Parser Combinators

Parsing Programming Languages

Most programming language compilers use a parser generator or a handwritten parser to parse the language and construct the syntax tree. Handwritten parsers provide the most control, allowing detailed errors to be constructed while being very performant. Parser generators turn high-level grammar descriptions into highly optimized state machine based parsers. Another elegant approach is parser combinators. These combinators can be composed into parsers with other combinators, allowing the entire parser to be constructed in a purely functional manner.

What Are Parser Combinators?

Parser combinators are not often seen in compilers for common languages however. Implementing them in lower level languages like C would be awkward, and purely functional languages like Haskell come with unwanted overhead, and a lack of programmers that know how to use them.

How They Can Be Optimized

Many performance issues with parser combinators arise from issues that are perfectly fixable with the right language:

  • Function call overhead -> Can be fixed in any language that allows control over inlining.
  • Excessive Allocation -> The allocations used to store errors and output can be optimized away when the errors and output aren't needed with clever use of parameterized types.
  • Redundant Parsing of Long Branches -> Parsers may repeatedly attempt the same branch for overlapping prefixes; caching results avoids this.
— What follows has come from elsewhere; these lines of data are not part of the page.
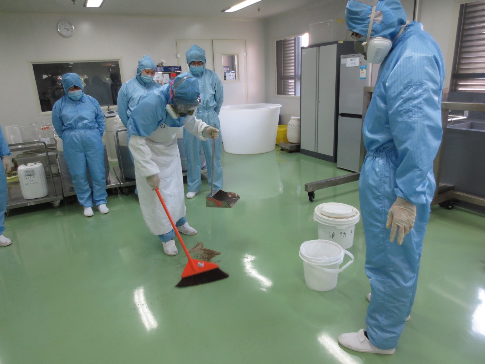 根据《2013年北京经济技术开发区“安全生产月”活动方案》的相关要求及公司年度应急演练计划,vkgame威客电竞(中国)有限公司生产运营中心诊断试剂生产部、研发中心于6月19日、20日下午分在各自生产工作现场组织关于危险化学品洒漏事故处理和酸性液体接触操作者皮肤应急处置的预案演练活动。公司研发中心主任郑长龙、原料研发中心总监熊宁、试剂研发中心总监陈立杰及相关工作人员参加了本次演练活动。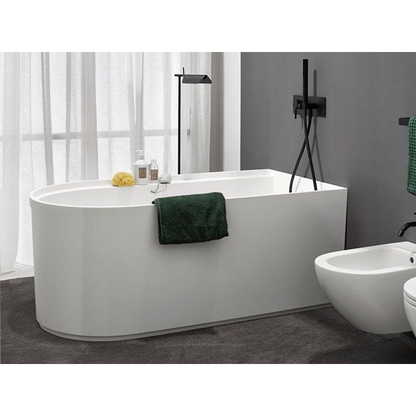 Febe – with an essential and measured design it can be positioned both in the middle of the room and along the wall, becoming a comfortable shower. Asymmetrical edges and a practical shelf on one side, for storing soaps and perfumes, Febe is a tub with compact dimensions based on maximum comfort.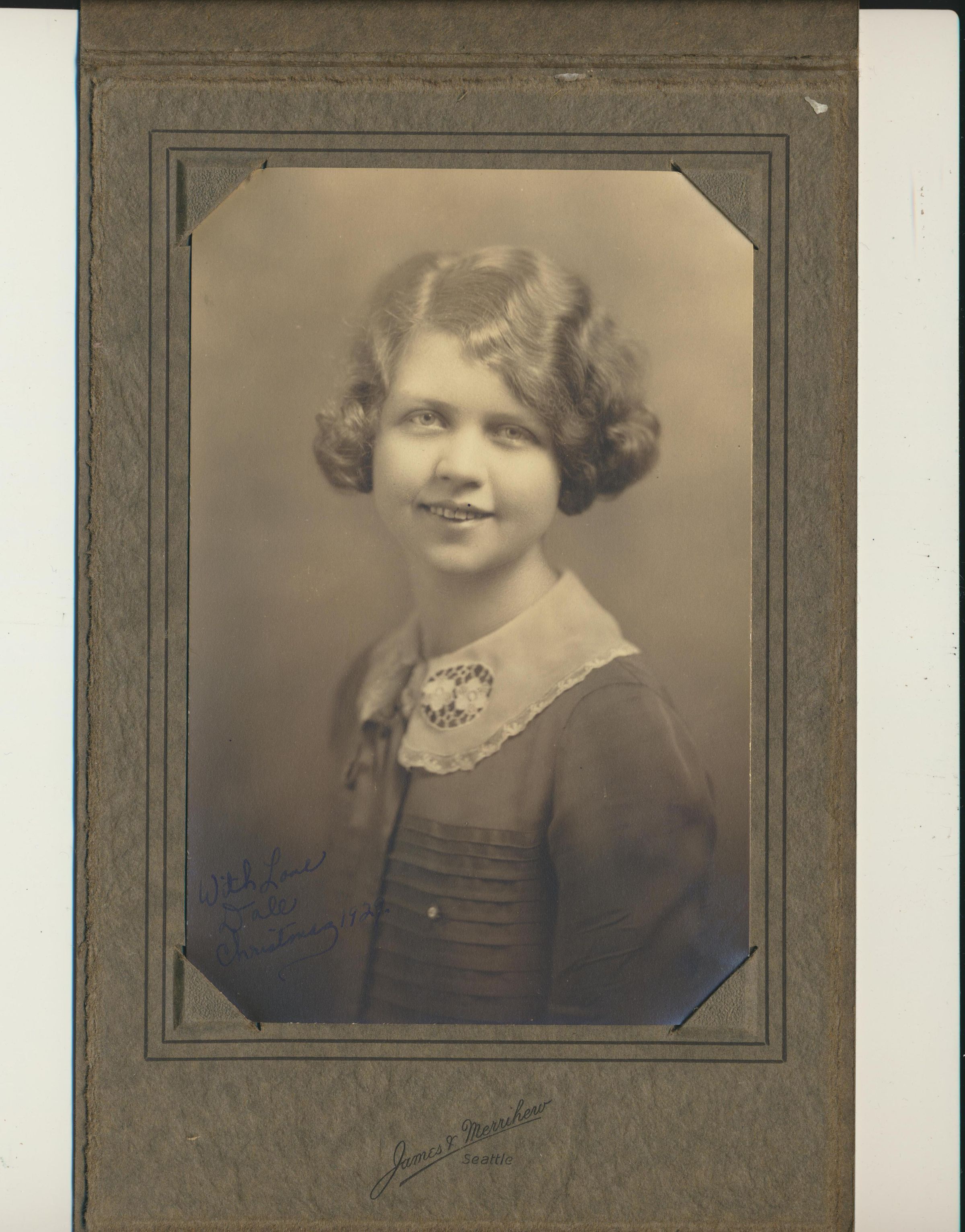 Print, photographic. 4 x 6 sepia, in studio folder marked "James & Merrihew, Seattle." Signed in lower left "With Love Dale Christmas 1922."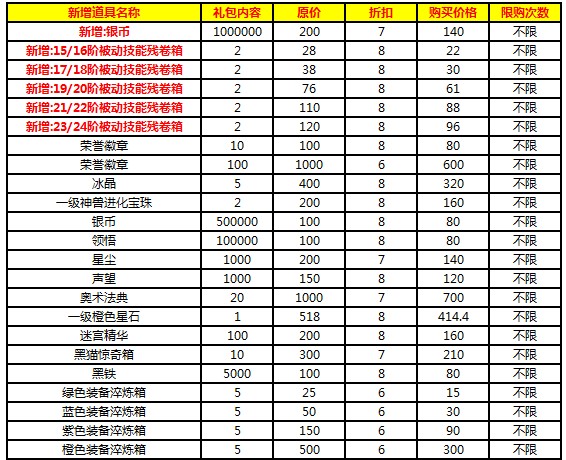 累计消费20000金币,可购买随机橙色符文石箱*1,售价99金币,单服限量99个。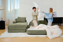 Cushie converts to a true Twin, Full, Queen, or King-sized mattress surface. Check each model for exact measurements.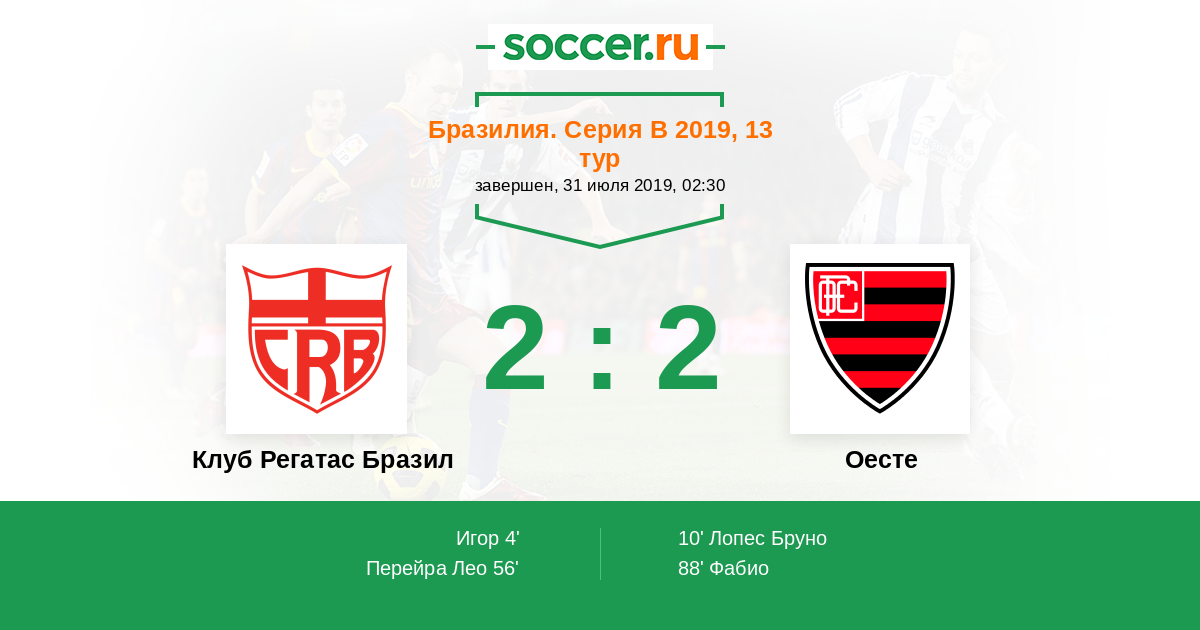 Клуб Регатас Бразил - Оесте: обзор матча 31 июля 2019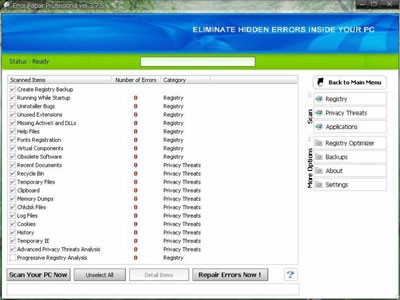 Vì phần lớn máy tính (95%) đều chứa các lỗi ẩn khó phát hiện, và khi phát hiện ra thì thường đã quá muộn để khắc phục. Error Repair Professional giúp bạn phát hiện và sửa chữa những lỗi này một cách nhanh chóng và hiệu quả.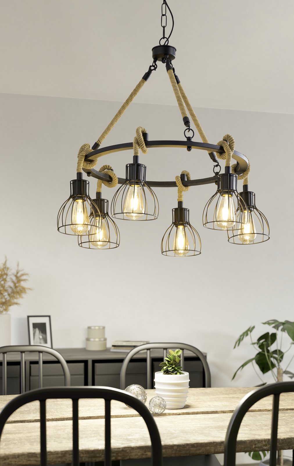 Stilvolle Lampen im Vintage-Stil, geeignet für Küchen, Esszimmer und Wohnzimmer. Sie bestehen aus Stahl und einem Seil, an dem die Detektoren angebracht sind. |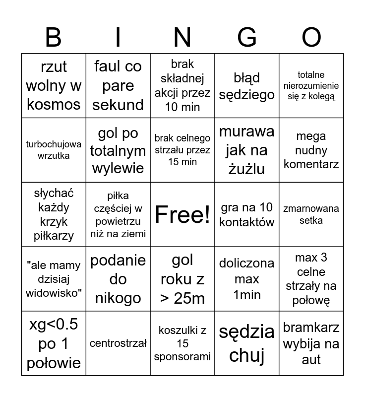 This bingo card has a free space and 24 words: podanie do nikogo, centrostrzał, brak celnego strzału przez 15 min, xg<0.5 po 1 połowie, totalne nierozumienie się z kolegą, rzut wolny w kosmos, turbochujowa wrzutka, faul co pare sekund, gra na 10 kontaktów, gol roku z > 25m, murawa jak na żużlu, słychać każdy krzyk piłkarzy, doliczona max 1min, max 3 celne strzały na połowę, gol po totalnym wylewie, sędzia chuj, zmarnowana setka, brak składnej akcji przez 10 min, mega nudny komentarz, piłka częściej w powietrzu niż na ziemi, bramkarz wybija na aut, "ale mamy dzisiaj widowisko", błąd sędziego and koszulki z 15 sponsorami.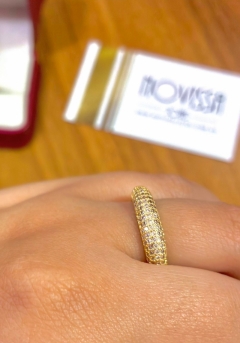 Anel folheado, base de metal, que combina a aparência do ouro com um preço mais acessível;
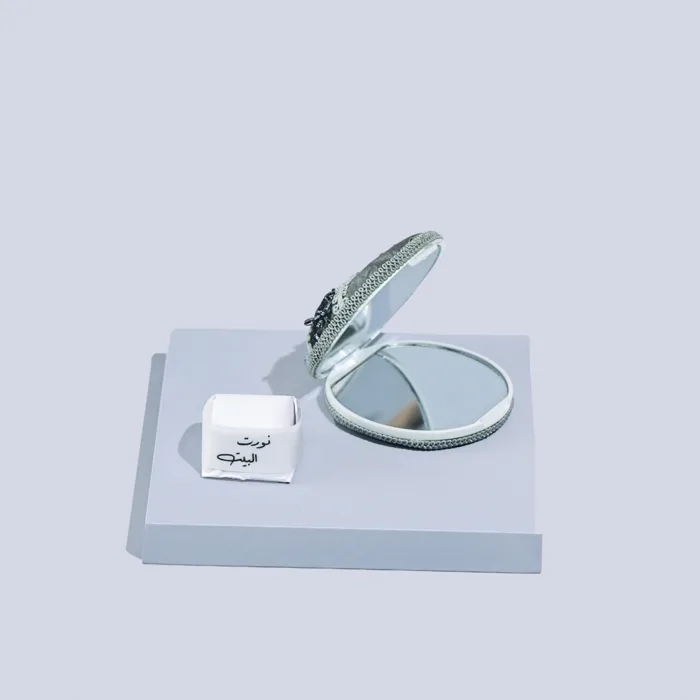 A fabric compact mirror with emboirdery and a personalized chocolate piece.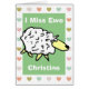 Die lustige Schafskarte sagt "I Miss Ewe" - ein Wortspiel. Personalisieren Sie Ihre Auswahl an Namen und Insider-Nachrichten.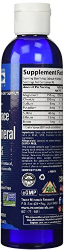 -. Binding : Health and Beauty -. Brand : Trace Minerals Research -. Feature : One 8-ounce bottle of trace mineral drops / Natural mineral concentrate extracted from the waters of Utah's Inland Sea, the Great Salt Lake / Ultra-concentrated; 40 drops equal the mineral content of 1/2 cup sea water with 99% sodium removed / Only 10 mg of sodium per serving / Provides a wide spectrum of health benefits -. Label : Trace Minerals Research -. Manufacturer : Trace Minerals Research -. MPN : CMD01 -. PartNumber : CMD01 -. ProductGroup : Health and Beauty -. ProductTypeName : HEALTH_PERSONAL_CARE -. Publisher : Trace Minerals Research -. Studio : Trace Minerals Research -. Title : Trace Minerals Research - Concentrace Trace Mineral Drops, 8 fl oz liquid

Pups - My Parser Combinator Library

Rust’s zero-cost abstractions make parser combinators practical for language parsing. However, existing solutions were not quite right for my use case. The nom crate seems mainly designed for byte/text based input, and I was wanting to tokenize my programming language syntax before parsing, so I wanted something designed to be more general purpose with a more transparent API. Chumsky seemed to be what I wanted at first, but I didn't want the lack of type-level distinction between fatal errors, and accumulated recoverable errors.

I decided to create Pups to address these gaps. By designing it to easily allow handwritten parsers to be used alongside parser combinators, I will have a future-proof way of writing parsers that allows rapid iteration, but full control when necessary. I've been working on several small-to-large language projects, and having my own library will also allow me to improve the tooling for all of them simultaneously.